The Secretary may validly take into account the fact that a claimant *486continues to perform work in a business which he allegedly has transferred to a member of his family (Ludeking v. Finch, 421 F.2d 499 (8 Cir. 1970), the degree of control such claimant still exercises over the conduct of the business, and the fact that the claimant “continued to have full use of the income” from such business. Gordon v. Finch, 437 F.2d 253, 257 (8 Cir. 1971). Thus, the Secretary is justified in considering whether the claimant remains the “moving force of the operation.” Dondero v. Celebrezze, 312 F.2d 677 (2 Cir. 1963). In the instant case, the plaintiff admits that he is present in the restaurant the same amount of time as he was prior to his alleged retirement and he admits that he performs some services, but he denies exercising managerial control. His wife withdraws $100.00 per week from the business and presumably places the money in their joint household account, although plaintiff denies drawing checks on that account.

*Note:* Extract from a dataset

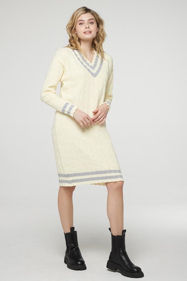 Вязаное платье BE YOU кремового цвета с контрастными полосками и V-образным вырезом. Модель выполнена из мягкого сочетания хлопка и шерсти, обеспечивающего комфорт и тепло. Идеальный выбор для создания уютного и стильного образа. Состав: пан 70%, шерсть 30%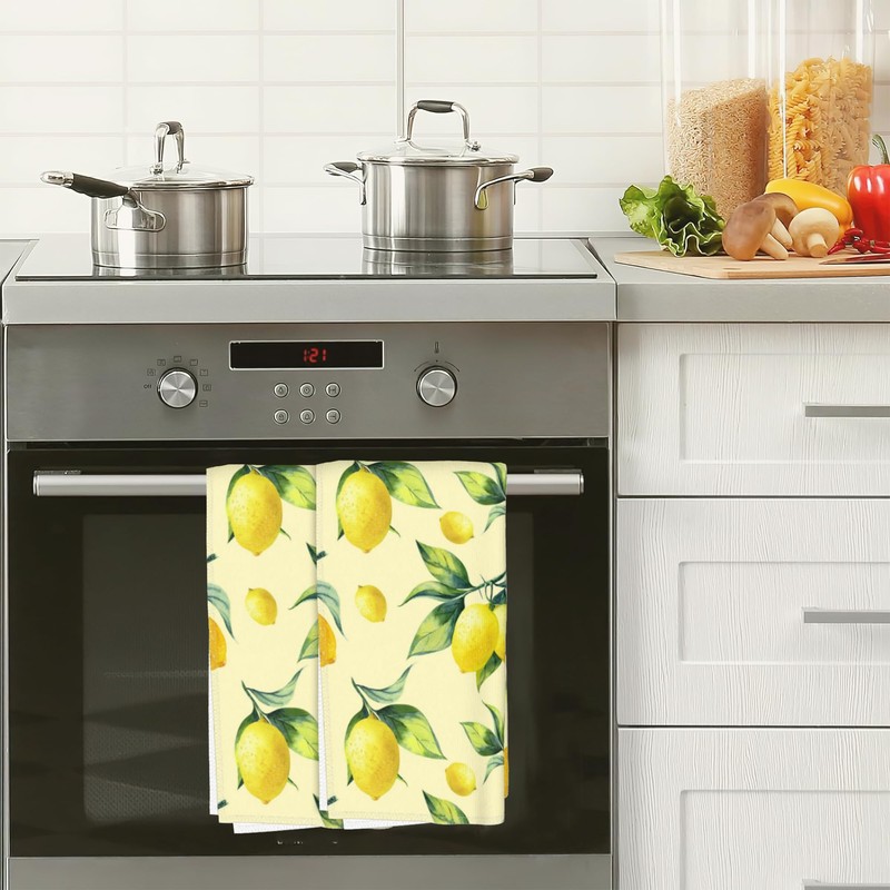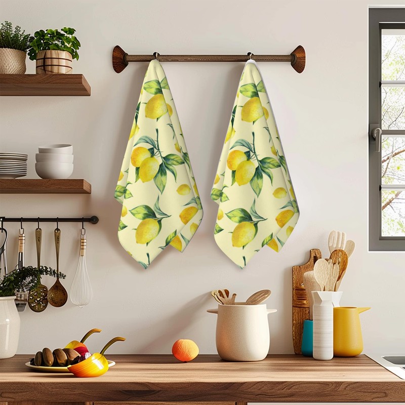 Lemon Yellow Hand Towels Set of 2 Soft Guest Bath Towel Absorbent Drying Cloth Hand Towel Bathroom Decorations Thin Kitchen Tea Dish Towels

In Hellberg v. Celebrezze, 245 F.Supp. 390 (W.D.Mo.1965), a decision factually close to the instant case, the district court affirmed the decision of the hearing examiner holding the transfer of a liquor business from a claimant to his wife invalid under the Act:

“(5) Plaintiff pointed out that the proper steps were taken, and that many of the rights and duties of ownership recognized by the law of the state were transferred from Mr. Hell-berg to Mrs. Hellberg. However, what may be a valid and legal arrangement for one purpose, may for other purposes, not have met the necessary requirements to be afforded recognition . . . Even though the transfer in question might qualify Mrs. Hellberg to exercise some of the rights and subject her to some of the duties imposed under state law, does not keep the defendant or the courts from examining the transaction in light of the requirements of the Social Security law.” 245 F.Supp. 392.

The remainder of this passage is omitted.